Immobilization versus immediate mobilization after intrauterine insemination: A systematic review and meta-analysis.

J Gynecol Obstet Hum Reprod

Division of reproductive medicine, university hospital, CHU de Nancy, 10, rue du Dr-Heydeinreich, 54000 Nancy, France. Electronic address:

Published: December 2017

Introduction: The objective of this systematic review and meta-analysis was to investigate a possible association between immobilization and pregnancy rate in patients undergoing intrauterine insemination.

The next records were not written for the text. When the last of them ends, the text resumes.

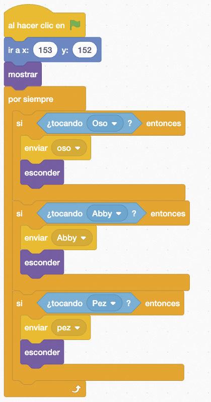 Programamos a Abby de forma similar como hemos hecho con el oso pero modificando algunas propiedades de los bloques.
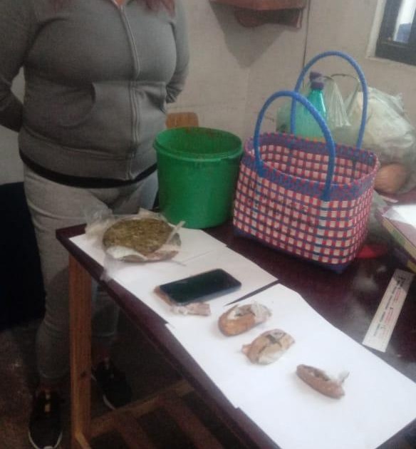 En la inspección, los uniformados encontraron cinco paquetes enredados con cinta canela que contenían hierba seca con apariencia de la marihuana, que en suma pesaron 417 gramos, así como un teléfono celular con dos tarjetas sim, por lo que la mujer fue detenida y puesta a disposición de las autoridades ministeriales.
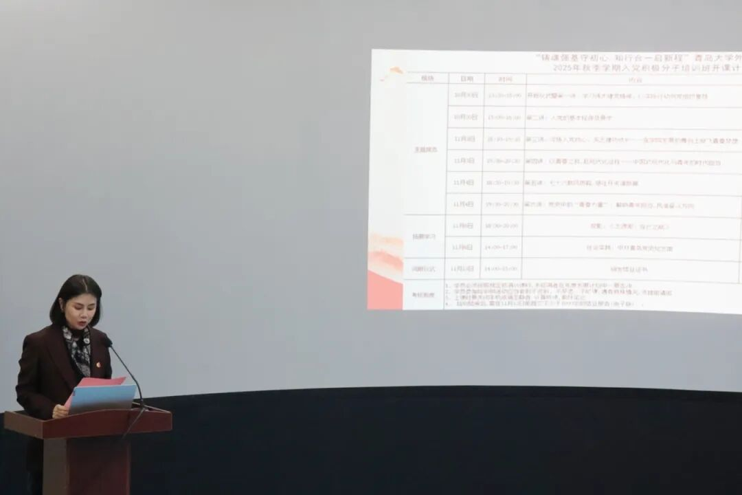 为做深做实做细学院党员发展工作,提升学生党员发展质量,严格把好党员发展入口关,KY开元集团官网于10月30日下午在KY开元集团官网浮山校区静思楼举行“铸魂强基守初心,知行合一启新程”2025年秋季学期入党积极分子培训班开班仪式。KY开元集团官网党委书记陈崇研、党委副书记于苗、各学生党支部书记及各年级辅导员、入党积极分子培训班全体成员参加会议。会议由学生第四党支部书记刘浩主持。

Material And Methods: To ensure the quality of the methodology, the PRISMA criteria were met at all stages of the development of this meta-analysis. We searched the Cochrane Library, EMBASE, PubMed MEDLINE, ScienceDirect and reference lists of eligible studies from inception to March 2017, without any restriction. We also interviewed the ClinicalTrials.gov database for unpublished articles. Finally, we sought potentially eligible studies in meeting abstracts. Two reviewers independently extracted study characteristics and outcome data. Estimates were pooled using random effects models and sensitivity analyses. We selected studies that compared bed rest to immediate mobilization after intrauterine insemination. The primary outcome was the ongoing pregnancy rate per couple.

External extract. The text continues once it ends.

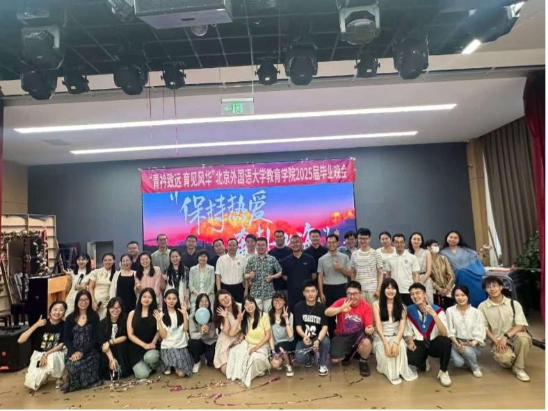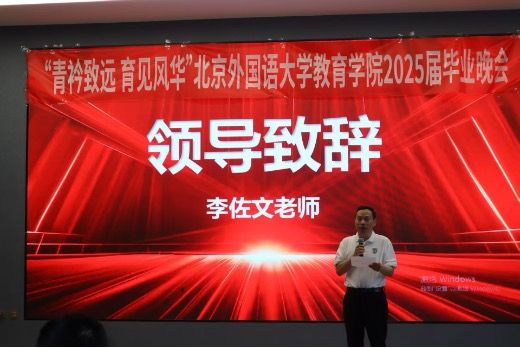 晚会伊始,tyc522cc太阳成集团李佐文老师发表了热情洋溢的致辞。(图片1)他深情回顾了同学们在北外的求学时光,肯定了大家的成长与收获,并寄语毕业生们秉持“青衿致远”的精神,胸怀家国,志存高远,在未来的人生道路上不断追求卓越,书写新的华章。随后的节目精彩纷呈,尽显教院师生风采。师生们联袂献艺,歌曲演唱《带我去找夜生活》、《有一点动心》、《Yellow》、《终身美丽》、《如约而至》、《去吧》、《Can’t Take My Eyes Off You》、《让她降落》等曲目轮番上演,或深情款款,或活力四射。德语学院张璞、张淡然同学带来的小提琴独奏《金色的炉台》旋律悠扬,李明老师的诗歌朗诵饱含哲理。趣味横生的“幸运数字”和“线索猜谜”游戏环节,以及人工智能与人类语言重点实验室老师们带来的神秘节目,更点燃了现场欢乐的气氛。
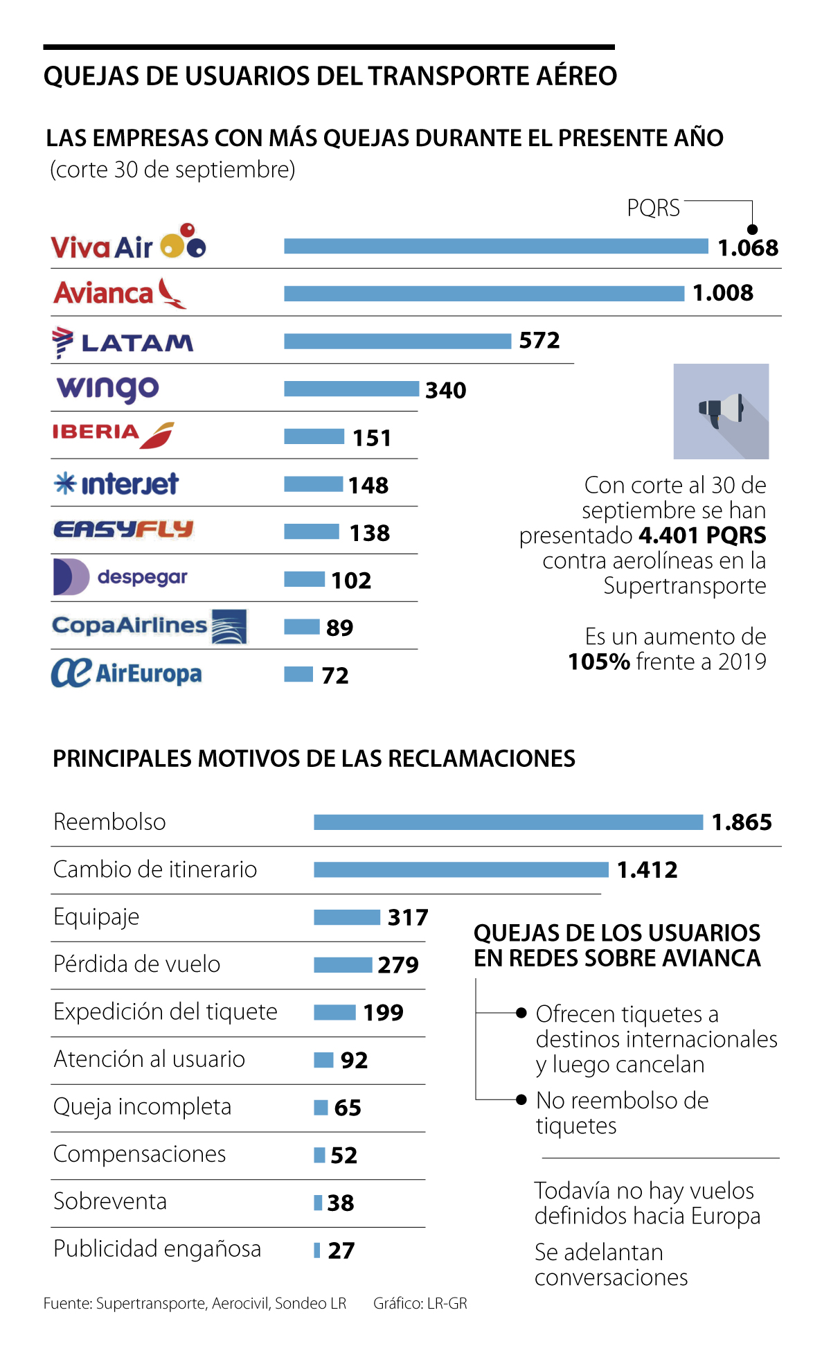 Varios usuarios de distintas aerolíneas se han quejado a través de redes sociales y señalan que no se han cumplido con los reembolsos y que Avianca vende tiquetes para vuelos internacionales, que luego cancela. Entre los denunciantes se encuentran el exalcalde de Bogotá, Enrique Peñalosa; y el jugador de fútbol Macnelly Torres. En el tema de las quejas de los usuarios, los líderes son Viva y Avianca, de acuerdo con datos de la Supertransporte.

Results: Of 176 identified abstracts, four primary studies, all of them randomized controlled trials, met the inclusion criteria, including 1361 couples. The overall relative risk of ongoing pregnancy rate in bed rest versus immediate immobilization was 1.67 95% CI [0.86; 3.22]. The overall relative risk of the live birth rate was 1.11 95% CI [0.56; 2.20].

Conclusion: This systematic review and meta-analysis was not able to demonstrate that bed rest after intrauterine insemination effectively increases in pregnancy rate. For everyday practice, no specific strategy, bed rest or immediate mobilization, can be recommended at this time.